If we use unigrams and bigrams together, then we'll get the best estimation result as can be verified below.

In [None]:
# count-vectorizer
[[394  98]
 [ 66 442]]
accuracy_rate = 0.836

# tf-idf vectorizer
[[405  87]
 [ 67 441]]
accuracy_rate = 0.846

Now let's try to not use stop words filtering.

In [None]:
# count-vectorizer
[[413  70]
 [101 416]]
accuracy_rate = 0.829

# tf-idf vectorizer
[[420  63]
 [103 414]]
accuracy_rate = 0.834

The remarkable inference is that when not using filtering out, we get a higher success rate.

Now let's end our writing with the last configuration containing too the first and third columns as training data.

In [None]:
# count-vectorizer
[[416  78]
 [ 87 419]]
accuracy_rate = 0.835

# tf-idf vectorizer
[[446  48]
 [125 381]]
accuracy_rate = 0.827

It doesn't give rise to a meaningful change in the success rate.
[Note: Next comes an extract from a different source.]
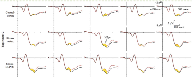 與壓力頂葉組相比,壓力DLPFC條件的N2pc效應比LT-ND條件(p = 0.002),LT-ID條件(p = 0.028)和LT-CD條件(p < 0.001)更強(p < 0.001) 。
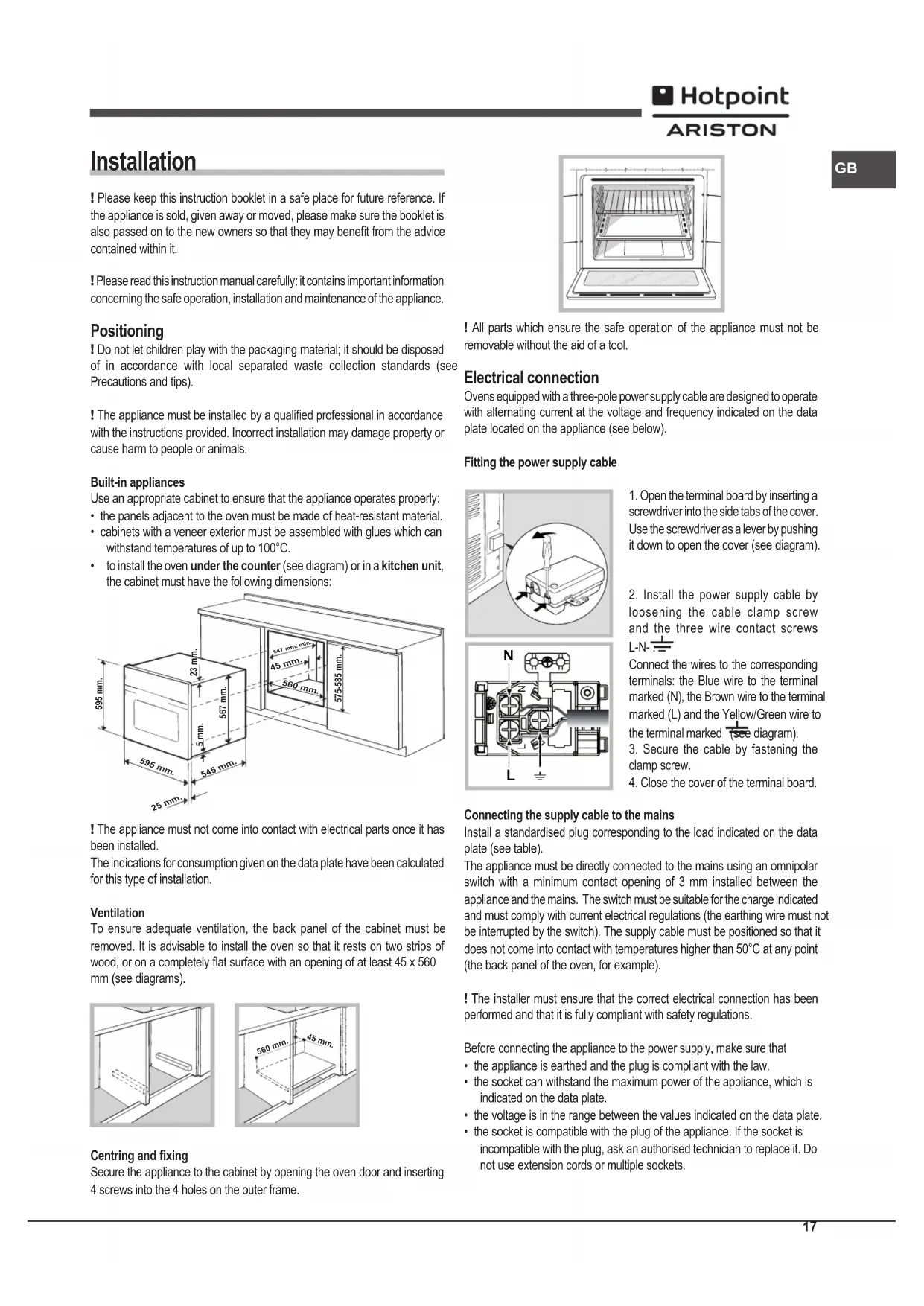 - to install the oven under the counter (see diagram) or in a kitchen unit, the cabinet must have the following dimensions: 595 mm.595 mm.25 mm.545 mm.5 mm.567 mm.23 mm.575-585 mm.45 mm.560 mm. 547 mm. min. ! The appliance must not come into contact with electrical parts once it has been installed. The indications for consumption given on the data plate have been calculated for this type of installation. Ventilation To ensure adequate ventilation, the back panel of the cabinet must be removed. It is advisable to install the oven so that it rests on two strips of wood, or on a completely at surface with an opening of at least 45 x 560 mm (see diagrams). 560 mm. 45 mm. Centring and xing Secure the appliance to the cabinet by opening the oven door and inserting 4 screws into the 4 holes on the outer frame. ! All parts which ensure the safe operation of the appliance must not be removable without the aid of a tool. Electrical connection Ovens equipped with a three-pole power supply cable are designed to operate with alternating current at the voltage and frequency indicated on the data plate located on the appliance (see below). Fitting the power supply cable

Naive Bayes is a substantially fast algorithm that assumes the features are independent of each other. Despite the assumption seems not feasible, it really works well than expected. Being fast and easy to implement makes it a really good baseline performance algorithm. That is, when you want to develop a model, you may want to implement the first Naive Bayes to compare your actual algorithm against it in the future to decide how good your model is. And lastly, I want to emphasize that TF-IDF implementation works usually better than the normal count-vectorizer, but occasionally it results in relatively bad results. Thereby, we can infer that TF-IDF is more susceptible to the training data changes.